[Data excerpts]
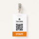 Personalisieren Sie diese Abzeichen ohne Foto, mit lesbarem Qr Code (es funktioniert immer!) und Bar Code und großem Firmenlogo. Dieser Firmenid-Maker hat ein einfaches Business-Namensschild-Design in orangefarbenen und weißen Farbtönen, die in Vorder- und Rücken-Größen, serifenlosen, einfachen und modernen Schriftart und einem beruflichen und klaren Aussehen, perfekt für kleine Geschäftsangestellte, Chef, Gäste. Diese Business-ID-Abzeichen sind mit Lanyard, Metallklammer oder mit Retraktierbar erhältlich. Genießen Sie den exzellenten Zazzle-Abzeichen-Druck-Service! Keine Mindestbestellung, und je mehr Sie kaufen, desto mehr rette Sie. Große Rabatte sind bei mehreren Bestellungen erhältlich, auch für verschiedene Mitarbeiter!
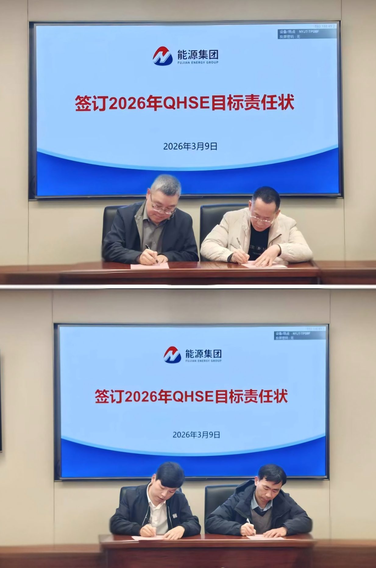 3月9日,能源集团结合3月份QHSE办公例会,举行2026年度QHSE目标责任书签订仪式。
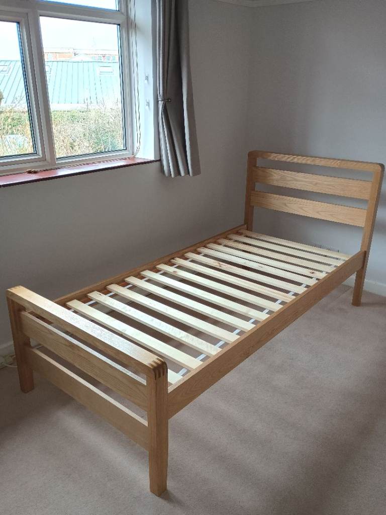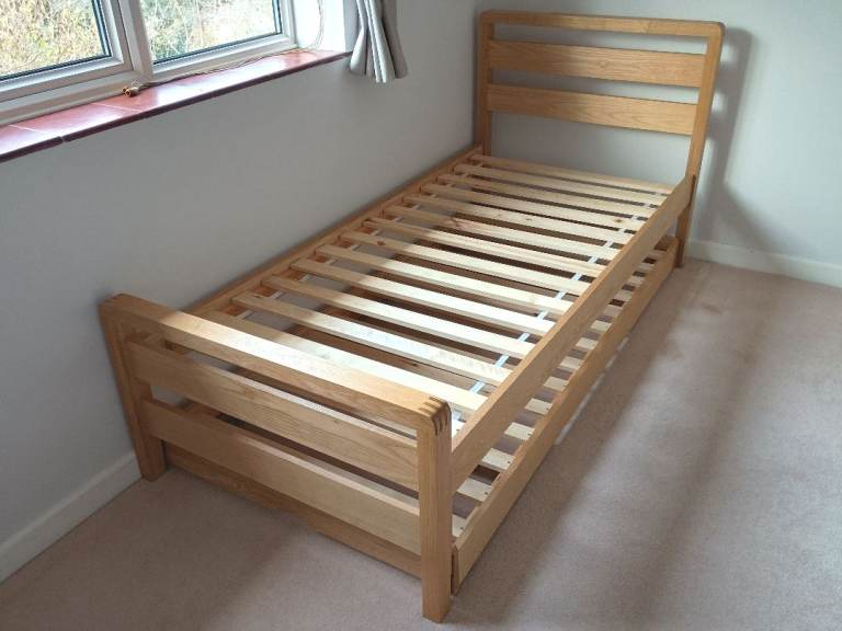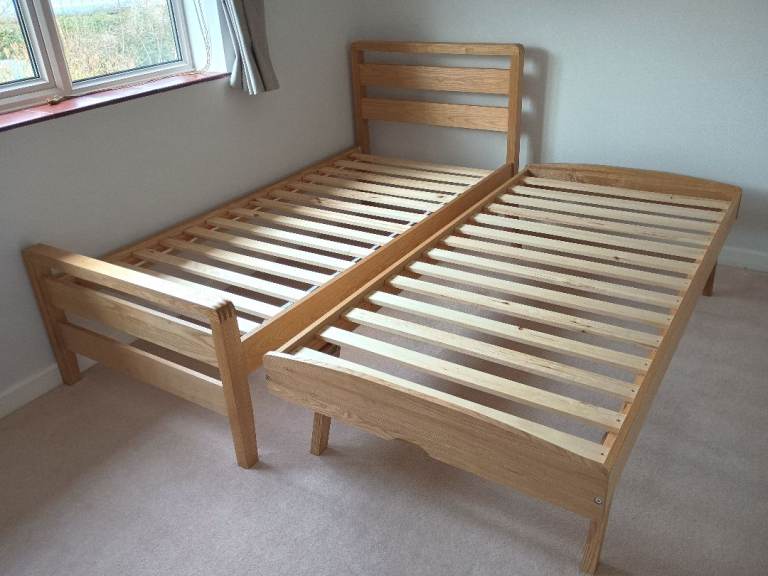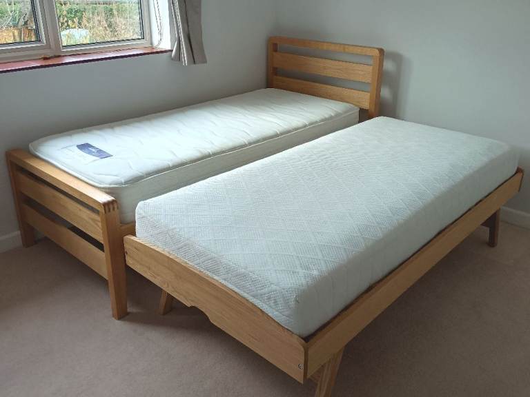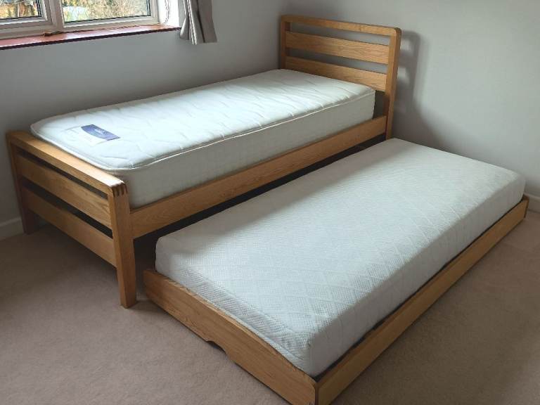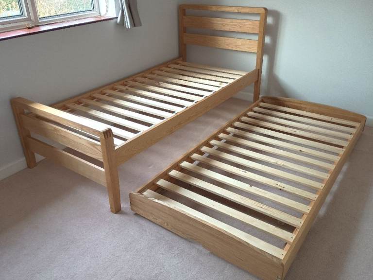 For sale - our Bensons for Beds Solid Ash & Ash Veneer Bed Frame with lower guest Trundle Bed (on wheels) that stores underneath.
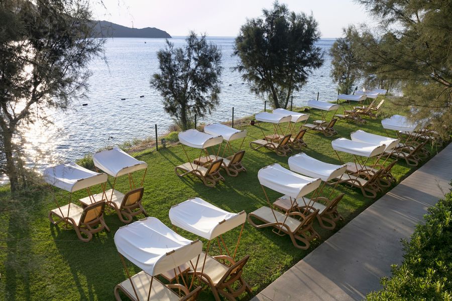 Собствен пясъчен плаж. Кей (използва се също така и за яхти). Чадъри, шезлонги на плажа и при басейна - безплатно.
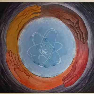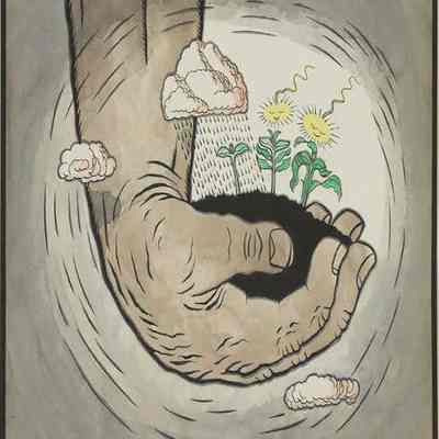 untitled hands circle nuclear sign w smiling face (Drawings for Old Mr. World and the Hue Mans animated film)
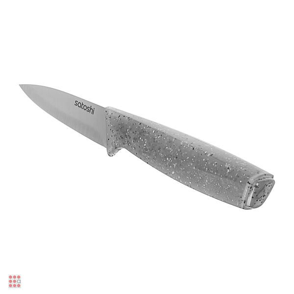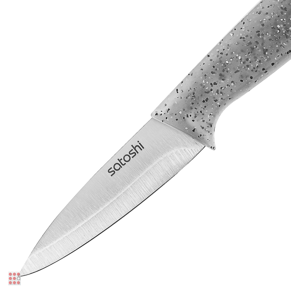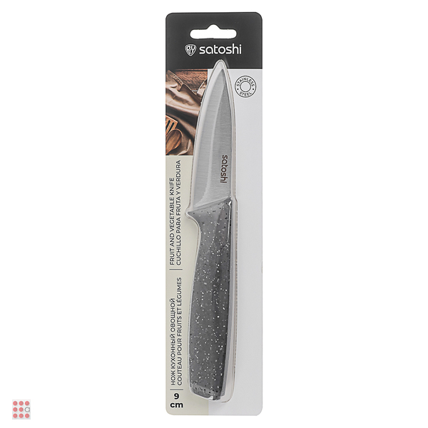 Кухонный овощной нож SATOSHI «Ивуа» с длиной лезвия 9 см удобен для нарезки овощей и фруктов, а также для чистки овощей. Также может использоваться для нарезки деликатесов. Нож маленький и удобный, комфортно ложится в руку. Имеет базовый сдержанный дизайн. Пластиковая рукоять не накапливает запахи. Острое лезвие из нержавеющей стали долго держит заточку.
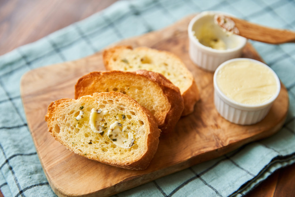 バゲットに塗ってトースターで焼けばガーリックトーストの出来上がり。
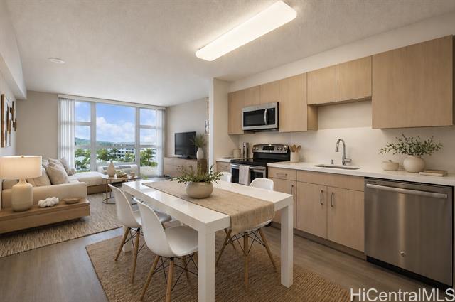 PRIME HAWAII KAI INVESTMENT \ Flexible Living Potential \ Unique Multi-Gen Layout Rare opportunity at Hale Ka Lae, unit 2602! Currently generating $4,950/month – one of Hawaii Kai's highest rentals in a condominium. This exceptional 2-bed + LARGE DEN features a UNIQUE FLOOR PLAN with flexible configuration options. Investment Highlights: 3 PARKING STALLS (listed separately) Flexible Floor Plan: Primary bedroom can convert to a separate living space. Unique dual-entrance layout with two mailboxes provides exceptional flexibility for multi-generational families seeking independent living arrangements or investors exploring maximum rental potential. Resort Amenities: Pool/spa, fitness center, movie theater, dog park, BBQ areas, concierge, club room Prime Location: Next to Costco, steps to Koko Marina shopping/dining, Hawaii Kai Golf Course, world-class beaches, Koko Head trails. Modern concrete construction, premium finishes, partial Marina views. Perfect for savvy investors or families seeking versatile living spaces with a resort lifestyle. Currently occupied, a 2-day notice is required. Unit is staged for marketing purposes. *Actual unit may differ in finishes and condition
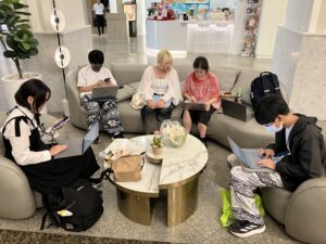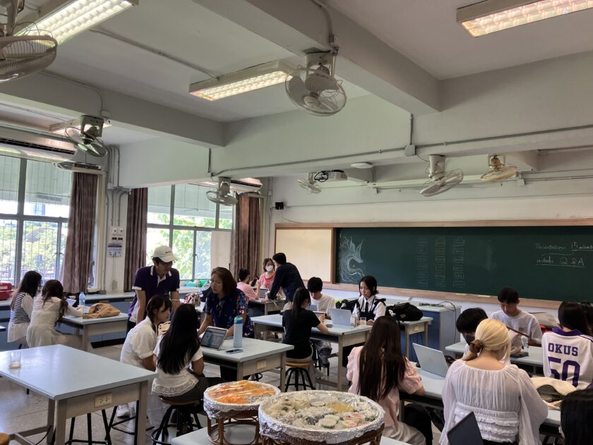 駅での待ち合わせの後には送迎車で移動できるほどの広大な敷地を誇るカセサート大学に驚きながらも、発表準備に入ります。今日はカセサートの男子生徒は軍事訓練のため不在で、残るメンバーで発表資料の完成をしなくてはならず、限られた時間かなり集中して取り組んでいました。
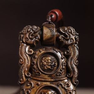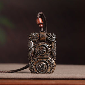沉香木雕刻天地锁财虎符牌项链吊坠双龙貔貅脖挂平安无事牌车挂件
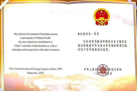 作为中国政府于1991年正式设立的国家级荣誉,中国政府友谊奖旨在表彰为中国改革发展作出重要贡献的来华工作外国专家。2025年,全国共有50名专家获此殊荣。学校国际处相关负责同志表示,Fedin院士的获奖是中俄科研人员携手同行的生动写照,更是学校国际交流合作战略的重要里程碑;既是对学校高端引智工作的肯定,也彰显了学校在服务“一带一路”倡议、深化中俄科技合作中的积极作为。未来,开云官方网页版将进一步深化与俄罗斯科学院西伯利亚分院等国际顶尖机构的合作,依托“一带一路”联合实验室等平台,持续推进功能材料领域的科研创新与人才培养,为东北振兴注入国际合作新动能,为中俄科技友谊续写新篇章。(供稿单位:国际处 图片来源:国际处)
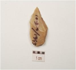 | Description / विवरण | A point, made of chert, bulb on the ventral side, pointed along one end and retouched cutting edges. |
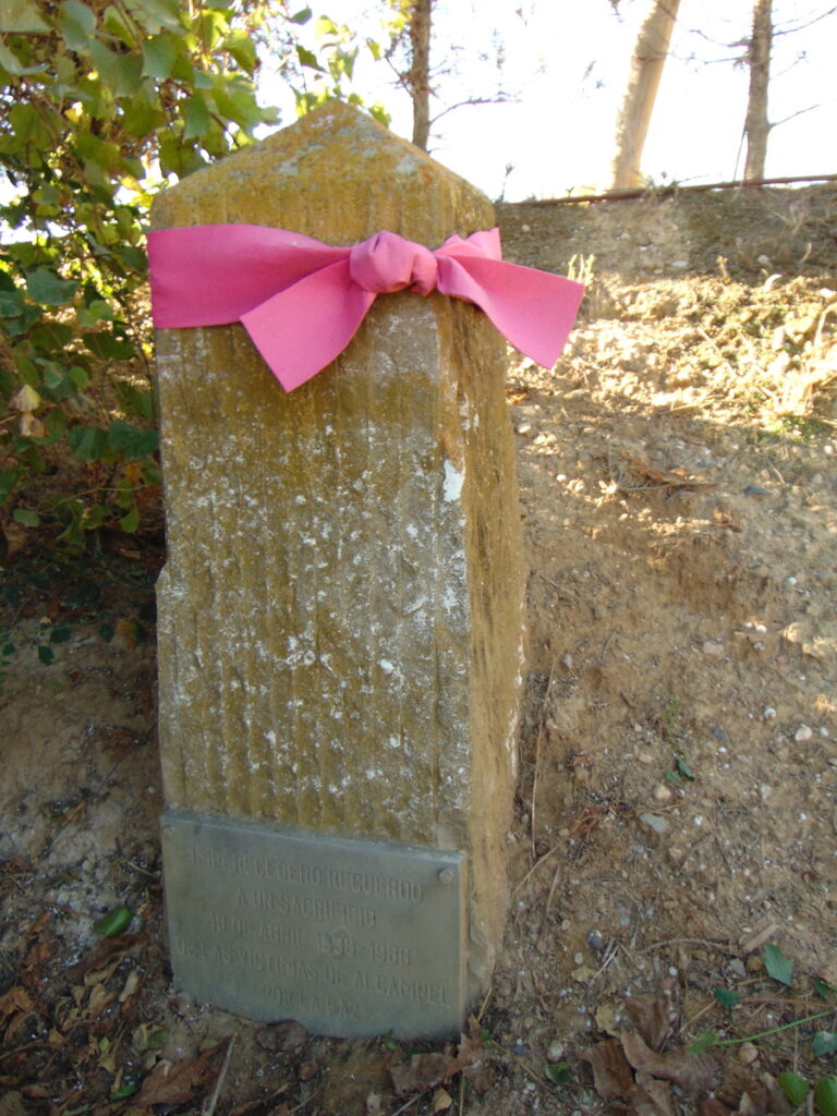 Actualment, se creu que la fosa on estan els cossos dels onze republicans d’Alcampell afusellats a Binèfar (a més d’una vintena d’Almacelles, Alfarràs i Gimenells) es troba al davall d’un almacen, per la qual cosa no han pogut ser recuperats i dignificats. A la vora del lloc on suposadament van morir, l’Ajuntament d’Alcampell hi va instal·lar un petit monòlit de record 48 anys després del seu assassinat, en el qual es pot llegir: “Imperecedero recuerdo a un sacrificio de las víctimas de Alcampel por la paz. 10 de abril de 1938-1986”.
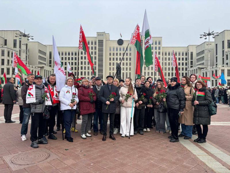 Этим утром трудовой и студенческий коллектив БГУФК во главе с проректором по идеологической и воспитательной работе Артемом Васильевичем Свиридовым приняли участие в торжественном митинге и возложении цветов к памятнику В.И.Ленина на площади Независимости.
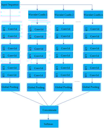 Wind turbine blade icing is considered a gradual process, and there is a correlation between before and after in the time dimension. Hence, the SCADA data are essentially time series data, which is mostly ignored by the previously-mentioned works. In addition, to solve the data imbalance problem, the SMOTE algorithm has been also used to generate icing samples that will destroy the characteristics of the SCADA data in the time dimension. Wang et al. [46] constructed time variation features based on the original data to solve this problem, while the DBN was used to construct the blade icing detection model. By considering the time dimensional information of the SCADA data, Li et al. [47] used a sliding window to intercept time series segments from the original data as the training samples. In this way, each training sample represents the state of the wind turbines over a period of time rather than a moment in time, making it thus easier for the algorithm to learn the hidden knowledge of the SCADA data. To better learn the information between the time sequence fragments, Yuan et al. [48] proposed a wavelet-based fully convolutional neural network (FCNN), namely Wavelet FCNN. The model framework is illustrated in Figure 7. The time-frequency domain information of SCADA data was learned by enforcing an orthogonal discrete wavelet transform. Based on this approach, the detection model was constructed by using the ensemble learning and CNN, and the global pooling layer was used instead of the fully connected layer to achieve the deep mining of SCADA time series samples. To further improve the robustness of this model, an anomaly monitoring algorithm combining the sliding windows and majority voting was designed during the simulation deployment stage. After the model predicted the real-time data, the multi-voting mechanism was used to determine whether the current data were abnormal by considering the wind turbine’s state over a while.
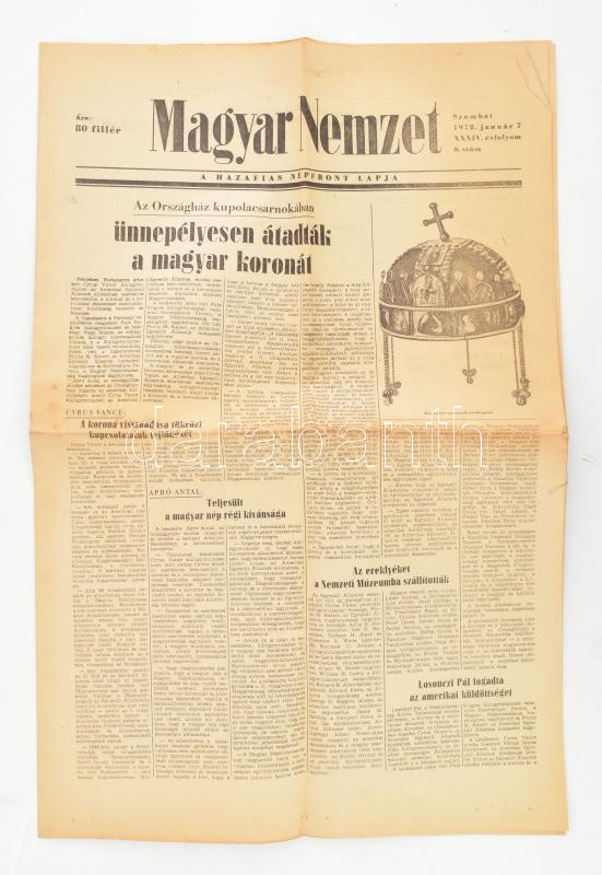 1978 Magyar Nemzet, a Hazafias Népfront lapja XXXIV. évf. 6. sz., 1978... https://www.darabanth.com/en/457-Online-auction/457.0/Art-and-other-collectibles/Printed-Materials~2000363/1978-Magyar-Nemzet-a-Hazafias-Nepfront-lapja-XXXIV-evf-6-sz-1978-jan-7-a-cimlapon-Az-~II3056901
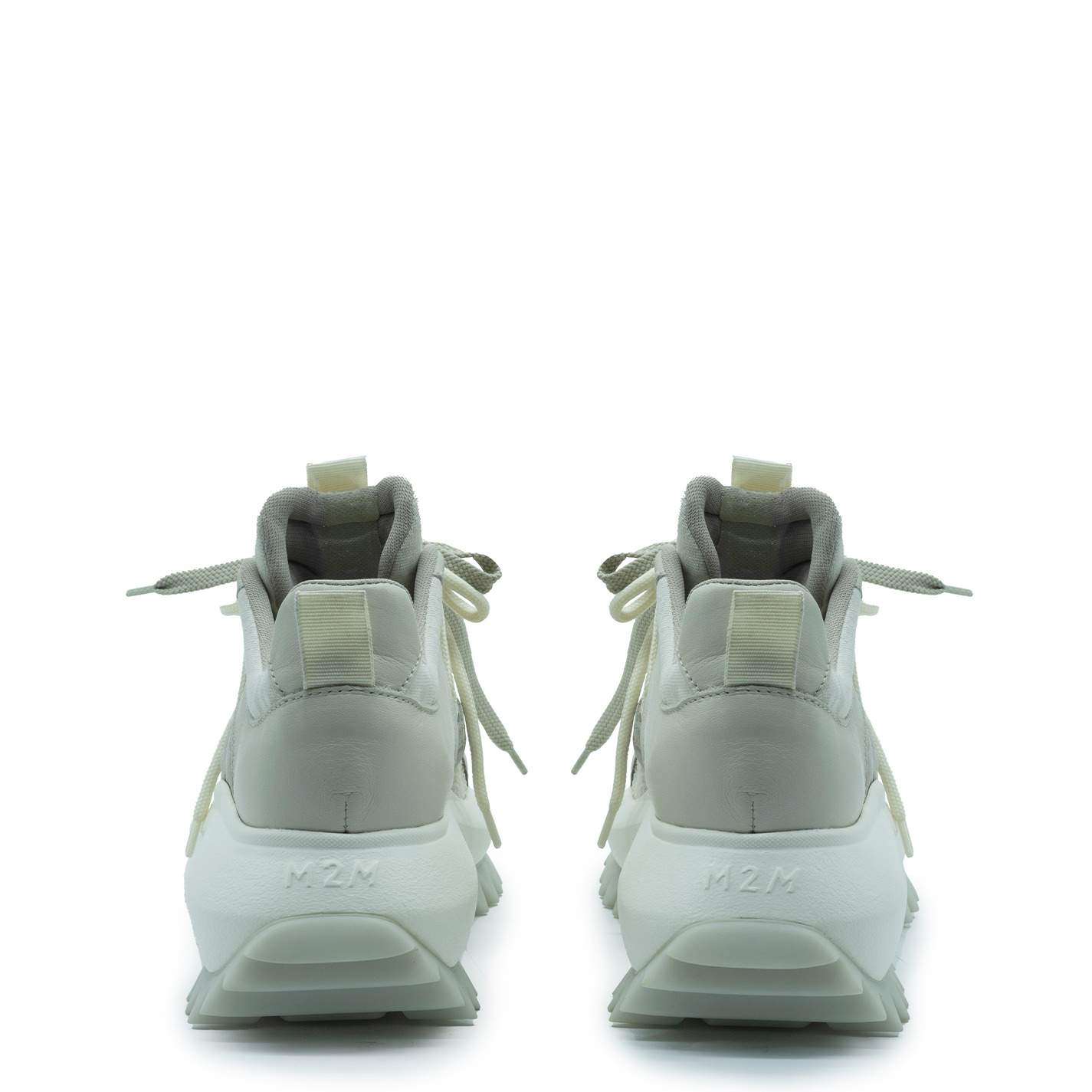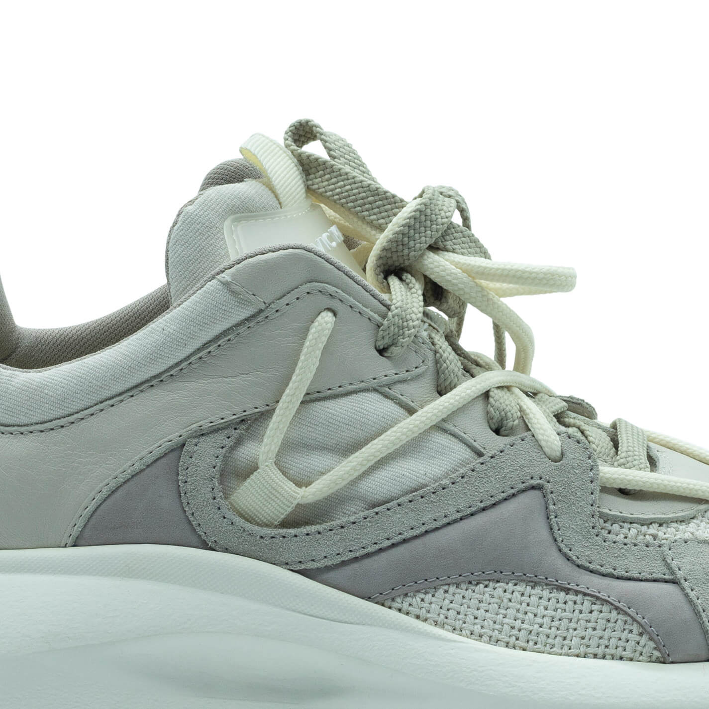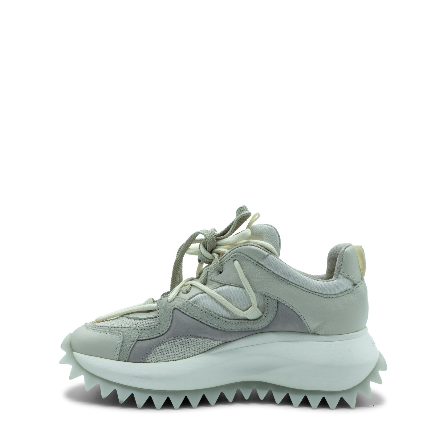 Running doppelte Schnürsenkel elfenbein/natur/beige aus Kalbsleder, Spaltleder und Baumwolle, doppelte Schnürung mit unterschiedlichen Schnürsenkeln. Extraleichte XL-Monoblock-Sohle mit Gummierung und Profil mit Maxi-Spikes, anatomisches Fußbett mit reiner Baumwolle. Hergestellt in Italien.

[Problem to work on] Only the lines above from the one with "3月9日,能源集团结合3月份" to the one with "Собствен пясъчен плаж." should be printed, both included and exactly as written; no picture belongs in the copy.

[Solution]
 3月9日,能源集团结合3月份QHSE办公例会,举行2026年度QHSE目标责任书签订仪式。
 For sale - our Bensons for Beds Solid Ash & Ash Veneer Bed Frame with lower guest Trundle Bed (on wheels) that stores underneath.
 Собствен пясъчен плаж. Кей (използва се също така и за яхти). Чадъри, шезлонги на плажа и при басейна - безплатно.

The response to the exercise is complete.